Solar flares are, essentially, an explosion in the Sun’s atmosphere. When that happens, the surrounding solar atmosphere gets heated up to over 20,000,000-degrees Fahrenheit. That, as the saying goes, is a bad day.
This rips the surrounding atoms to pieces and sends electrons, protons, and heavier ions shooting into space at the speed of light. This wave of atomic carnage spans the entire electromagnetic spectrum at all wavelengths, from simple radio waves to extremely high energy gamma waves. This, as scientists are fond of saying, is the problem.
Solar Flare Cycles
As you may know, the Sun has many cycles to it, and one of them is the roughly 11-year solar flare cycle. We are approaching the peak of the current cycle in 2021-2022 of the current cycle. In the two years ahead, we will likely see a peaking in solar flare activity. Ten to 12 years ago, GPS technology was expensive and far less common than it is today. Now, GPS is virtually everywhere — boats, cars, integrated into EPIRBs, pocket-sized for hikers, etc.

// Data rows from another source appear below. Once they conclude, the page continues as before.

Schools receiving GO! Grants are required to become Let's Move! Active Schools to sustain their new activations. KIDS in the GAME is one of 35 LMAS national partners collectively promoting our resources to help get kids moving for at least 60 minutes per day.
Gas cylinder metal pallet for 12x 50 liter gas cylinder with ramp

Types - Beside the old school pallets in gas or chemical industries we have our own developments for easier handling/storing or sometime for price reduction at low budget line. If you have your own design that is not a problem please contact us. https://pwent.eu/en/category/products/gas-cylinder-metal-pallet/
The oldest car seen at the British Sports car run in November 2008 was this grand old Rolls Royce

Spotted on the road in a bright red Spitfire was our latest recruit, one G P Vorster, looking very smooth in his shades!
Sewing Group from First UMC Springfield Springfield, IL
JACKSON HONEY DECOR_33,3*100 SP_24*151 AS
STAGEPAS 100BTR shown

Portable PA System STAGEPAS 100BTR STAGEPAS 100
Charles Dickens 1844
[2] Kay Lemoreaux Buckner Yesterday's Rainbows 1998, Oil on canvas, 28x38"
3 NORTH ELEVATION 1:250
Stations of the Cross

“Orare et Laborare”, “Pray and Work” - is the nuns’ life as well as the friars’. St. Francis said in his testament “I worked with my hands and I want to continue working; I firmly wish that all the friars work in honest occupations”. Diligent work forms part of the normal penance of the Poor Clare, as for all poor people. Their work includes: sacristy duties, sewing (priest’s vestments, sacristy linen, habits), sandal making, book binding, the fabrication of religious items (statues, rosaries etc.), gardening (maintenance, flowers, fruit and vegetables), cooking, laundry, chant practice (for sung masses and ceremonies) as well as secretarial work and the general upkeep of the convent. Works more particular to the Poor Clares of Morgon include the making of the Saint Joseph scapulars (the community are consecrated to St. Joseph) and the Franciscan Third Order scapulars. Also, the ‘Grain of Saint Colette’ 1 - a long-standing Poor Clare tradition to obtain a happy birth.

Now, as the Fates would have it, we know that based on recent studies that GPS receivers are unexpectedly vulnerable to bursts of radio noise produced by solar flares. When we were at the last peak, GPS was just much less common, and the problems were thus minor in relative scope and attention.

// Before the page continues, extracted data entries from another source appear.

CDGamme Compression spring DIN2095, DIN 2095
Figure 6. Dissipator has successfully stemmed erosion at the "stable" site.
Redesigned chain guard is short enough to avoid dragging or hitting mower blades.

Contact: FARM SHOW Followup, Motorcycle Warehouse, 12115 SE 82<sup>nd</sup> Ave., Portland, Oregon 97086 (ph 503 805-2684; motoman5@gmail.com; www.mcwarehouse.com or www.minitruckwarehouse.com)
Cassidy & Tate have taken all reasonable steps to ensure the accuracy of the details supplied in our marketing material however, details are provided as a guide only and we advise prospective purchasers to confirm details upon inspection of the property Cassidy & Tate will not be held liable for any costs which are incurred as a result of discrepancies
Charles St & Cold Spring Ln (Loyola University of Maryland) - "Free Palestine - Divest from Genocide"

The intense bursts of radio noise, caused by the charged particles shooting out from the solar flare at the speed of light, appear to peak in the 1.2 and 1.6 gigahertz bands used by GPS. Normally, radio noise in these bands is very low, so receivers can easily pick up weak signals from orbiting satellites.

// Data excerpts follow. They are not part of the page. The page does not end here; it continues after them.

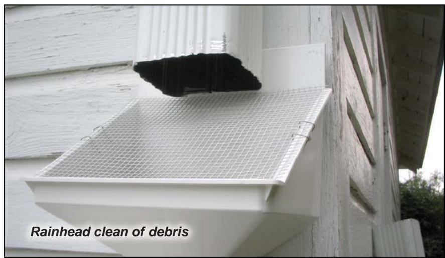
Rainhead clean of debris
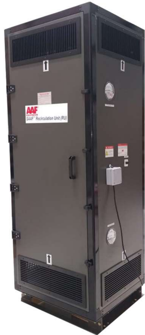
Fig. RU Unit

AAF provided customized engineering solution - DBS for its first facility to fight corrosion. The customer was happy with the TCO and the service. Hence, the customer placed orders for all the new facilities. AAF offered customized DBS filters for 5 cities, and RU for Delhi. With the strong network and service across India, AAF won 6 cities project from leading data centre provider.
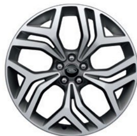
21" 5 SPLIT-SPOKE 'STYLE 5047' WITH DIAMOND TURNED FINISH
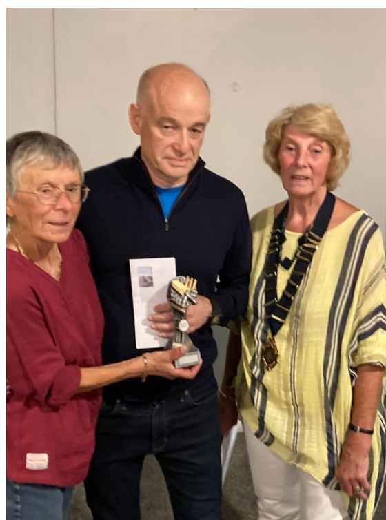
Carreg Wen, Llandyfaelog
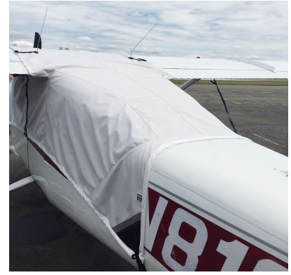
Cessna 205 Over-Top Canopy Cover
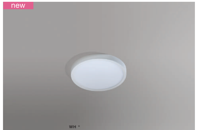
MALTA R 23 3000K / 4000K
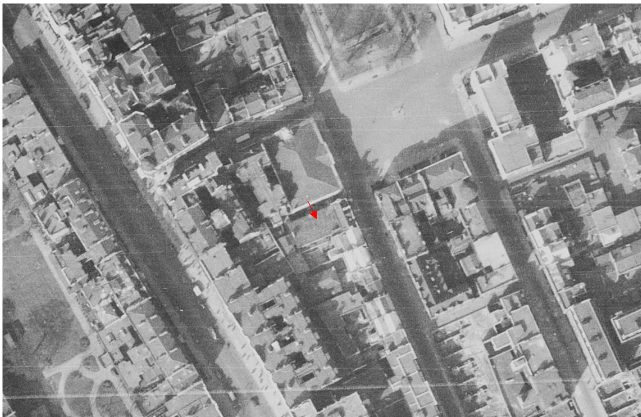
Fig 1: An extract of a 1946 aerial photo, showing the subject building with a red arrow. RAF_3G_TUD_UK_112_VP3_5229
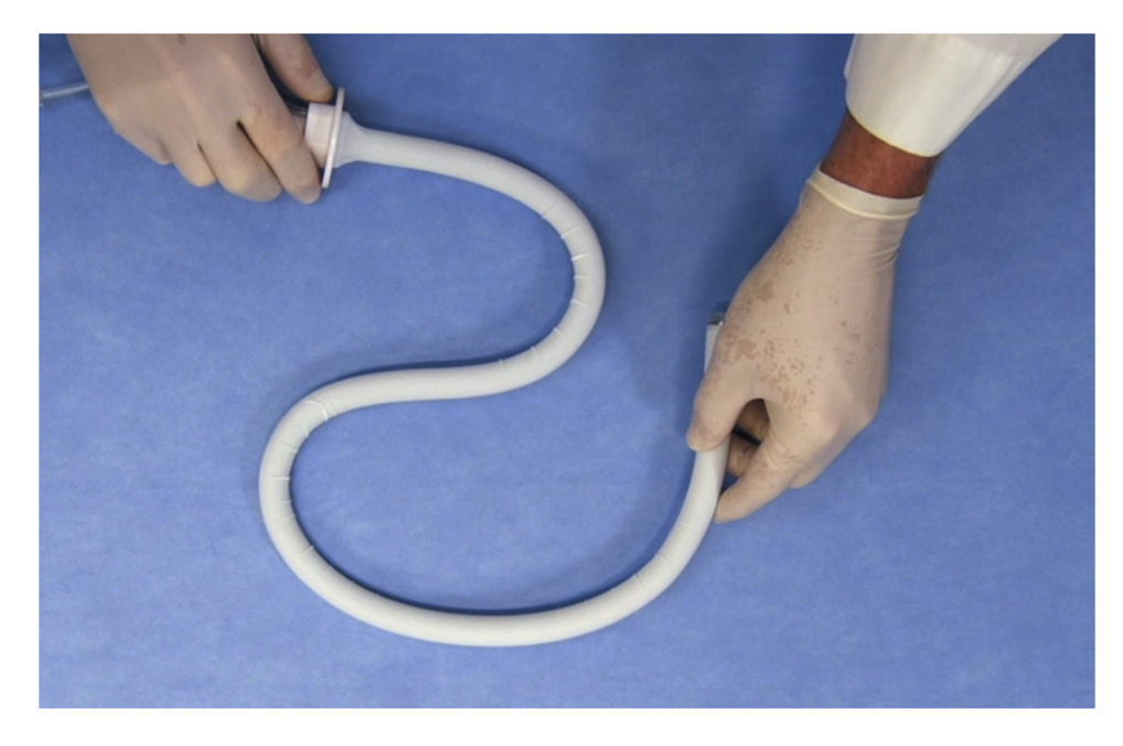
Figure 1. This image shows the flexibility of the dynamic rigidizing overtube. In its flexible state, it allows smooth movement of the overtube over the colonoscope.

A 72-year-old man presented for surveillance colonoscopy. A pediatric colonoscope was successfully advanced to the ascending colon but could not be advanced farther because of loop formation. Making the situation worse, every time the colonoscope was advanced through the loop, the patient became bradycardic to a
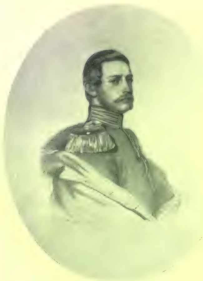
HIS ROYAL HIGHNESS PRINCE FREDERICK WILLIAM OF PRUSSIA PAINTED AT BUCKINGHAM PALACE, JUNE 1857, BY WINTERHALTER
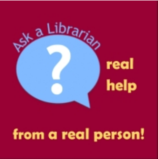
Get help from a librarian [2]

Here are ways to help you get the most from NCpedia and to support your research needs. From live support by real librarians to subject collections and search features, check them out!
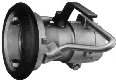
100mm Coupling BSP Female Inlet

Important: Never operate lever or valve without the male piece being inserted correctly.
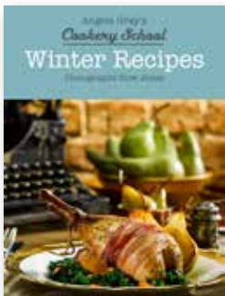
A4 poster 297 x 210mm
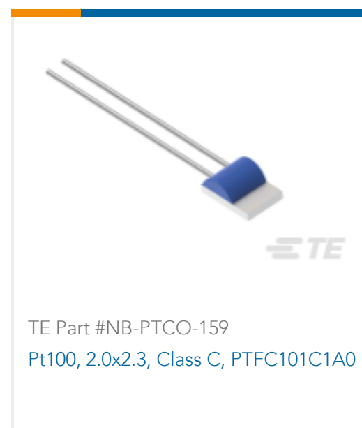
TE Part #NB-PTCO-159 Pt100, 2.0x2.3, Class C, PTFC101C1A0
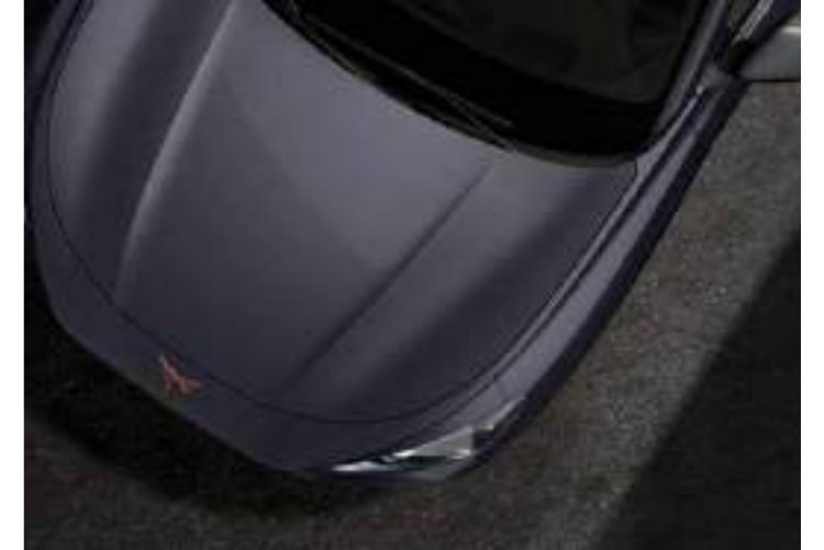
→ GRAPHENE GREY 3 ■

This may also be a problem for aircraft navigation as the FAA uses reference GPS receivers on the ground for air traffic control. Although planes can and do fly without GPS, outages will force the FAA to increase the distance and timing between aircraft, delaying flights.
GPS is also used to synchronize power grids and cell phone networks. And, of course, we use GPS in our boats (and cars.) We could increase the strength of GPS signals but that would require redesigning GPS satellite hardware and software. I think solving the “Y2K” software problem was easier.
And didn’t we turn off LORAN a few years go?